Mesopotamian engineers were solving the problem of square measurement by
trial and error. Astronomers, admittedly with an eye solely on astrological
prediction, were making their calculations based on accurate observations
of the course of the planets.
Peace and prosperity must have reigned in this world of Nile,
Euphrates and Tigris, for we have never yet discovered an inscription
dating from this period which records any large-scale warlike activities.

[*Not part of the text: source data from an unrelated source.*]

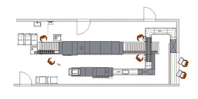 Die Teller und Schalen können durch die abgesenkte Zulaufbahn an vier Stationen aufgegeben werden. Die Tabletts und die Bestecke laufen wie beim Beispiel Krankenhaus durch eine Tablett- und Besteckspülmaschine.
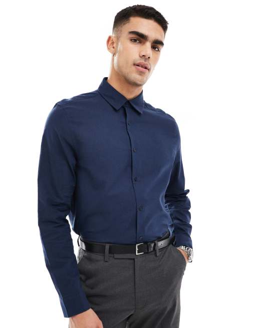 ASOS DESIGN – Marinblå finskjorta i linnetyg och regular fit
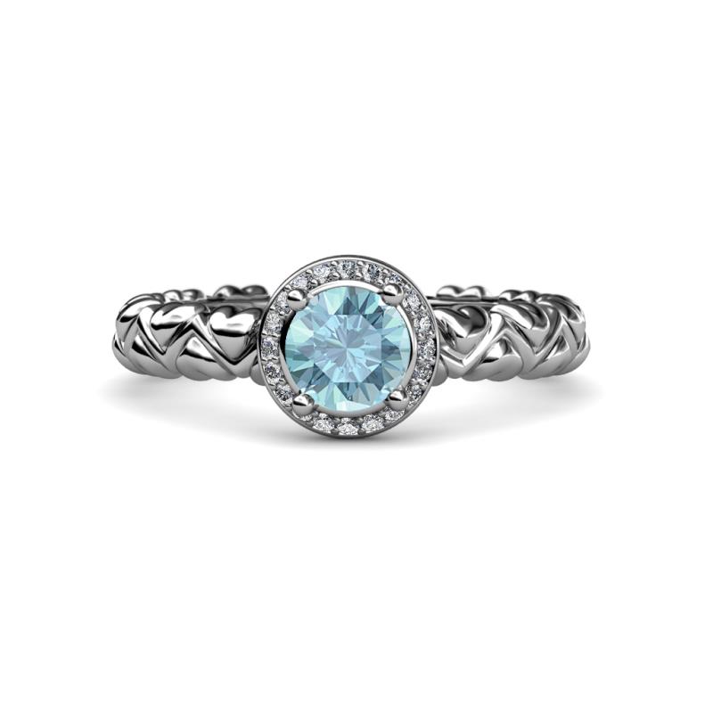 Aquamarine and Diamond Heart Shank Womens Halo Engagement Ring 1.05 ctw 18K White Gold More Details ...
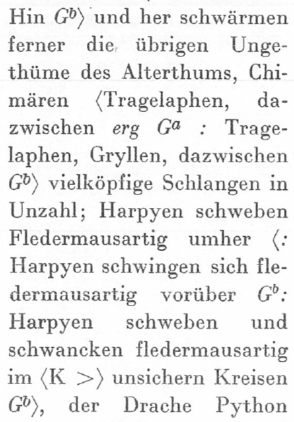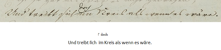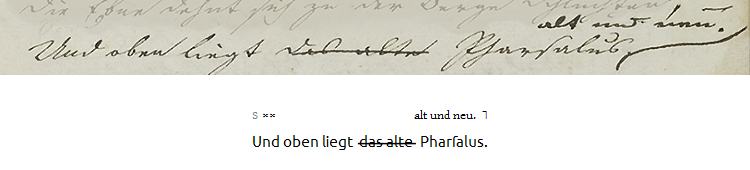 Für die Darstellung innerhandschriftlicher Varianten gibt es in gedruckten Ausgaben eine Vielfalt von Apparatformen. Der in der vorliegenden Ausgabe gewählte Apparattyp hat hingegen nur vorläufigen Charakter. Er beruht auf dem Einblendungsapparat, der für die Akademie-Ausgabe der Werke Goethes entwickelt wurde (Abb. 5).
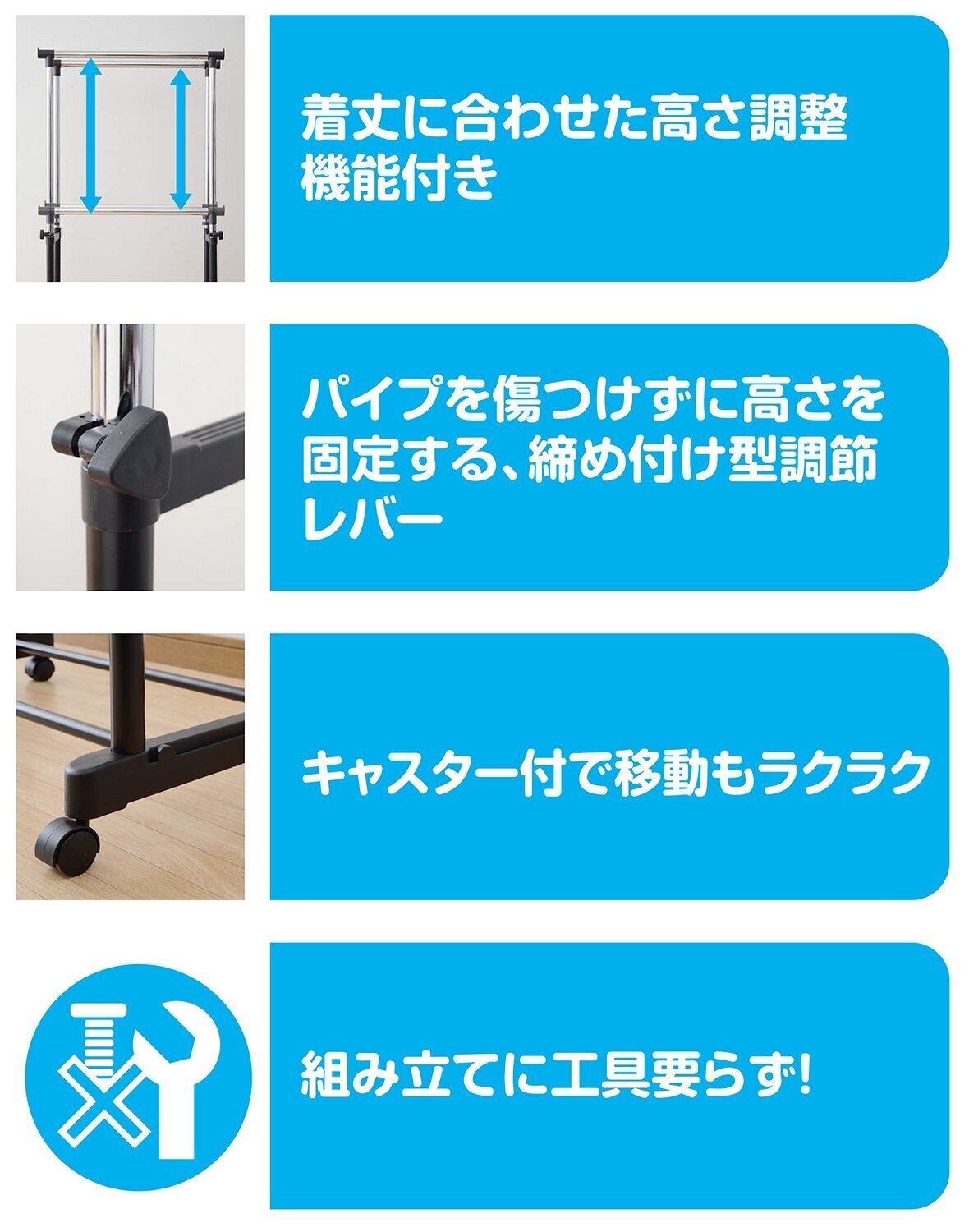 山善(YAMAZEN) ハンガーラック ダブル 2段 高さ伸縮 耐荷重15kg キャスター付き 幅75×奥行43×高さ89-152cm 組立品 ブラック MKS-W(BK)(S)
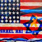 Dan Groover celebrates the friendship between the USA and Israel patriotically in his original unique work ‘Am Israel Hai’. Groover illustrates this bond in merging the US flag with the Israeli star of David in his bold bright painting, placing the Hostage ribbon within one larger star. He playfully replaces stars on the US flag with 18 Magen David stars of David, which is the numerical for Hai/Life of Israel and relationship with USA. Creating a new version of the star-spangled banner of the United States in this creative and bold visual statement.
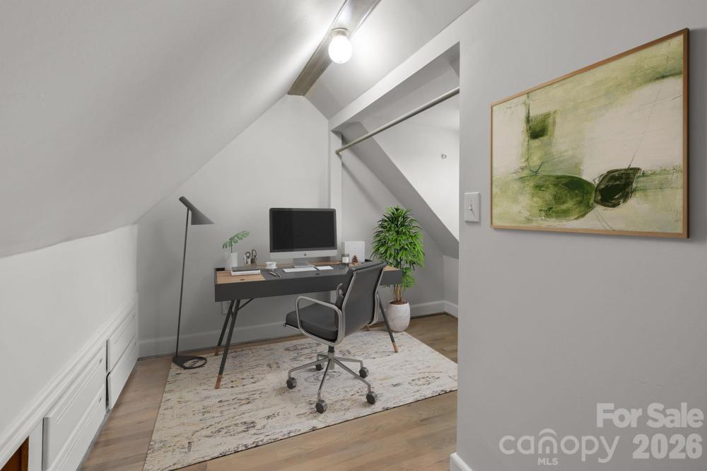 Move-in ready and full of charm, located just minutes from Uptown—with no HOA. A large, level, fenced backyard with a deck offers privacy and the perfect space to relax or entertain. Natural light fills the interior, highlighted by wood and LVP flooring throughout. The living room features a cozy fireplace, ideal for quiet nights in or hosting friends. The kitchen delivers with ample cabinetry and generous counter space. The main level includes two bedrooms, an updated bathroom, living room, kitchen, mudroom, and laundry room. Upstairs, a flexible space serves as a home office, bonus room, additional bedroom, or private retreat. Roof replaced 2024, HVAC replaced 2023. A rare opportunity to own in one of Charlotte’s most desirable neighborhoods, Commonwealth Park. Schedule your showing today!
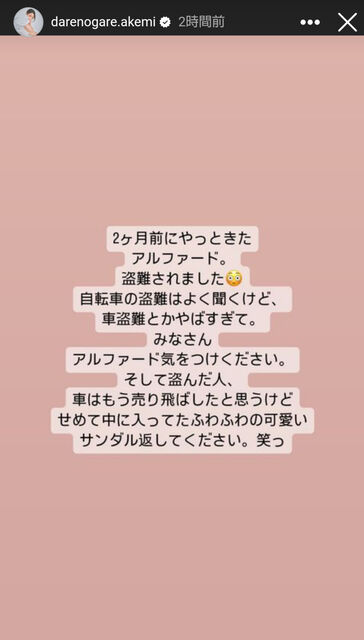 SNSでは「新しく購入したばかりのアルファードが駐車場にないんですが、、どういうこと?」と説明。
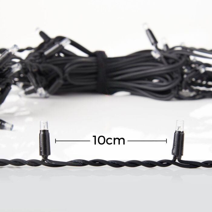 Suprafata luminoasa are un total de 40 m metri. Lungimea prelungitorului este de 6.5 m. Ofera posibilitatea de a suspenda ghirlanda astfel incat sa poata fi ascuns cablul de alimentare atunci cand este conectat la priza.

Then suddenly from the heart of this great "Fertile Crescent," from
the sandy sterile wastes of the Arabian desert whose shores are lashed by
the waters of the Indian Ocean, there burst in violent assaults on the
north, on the north-west, on Mesopotamia, Syria and Palestine a horde of
nomadic tribes of Semitic stock. In endless waves these Amorites,
"Westerners" as their name implies, surged against the kingdoms of the
"Fertile Crescent."
The empire of the kings of Sumer and Akkad collapsed in 1960 B.C.
under their irresistible attack. The Amorites founded a number of states
and dynasties. One of them was eventually to become supreme: the first
dynasty of Babylon, which was the great center of power from 1830 to 1530
B.C. Its sixth king was the famous Hammurabi.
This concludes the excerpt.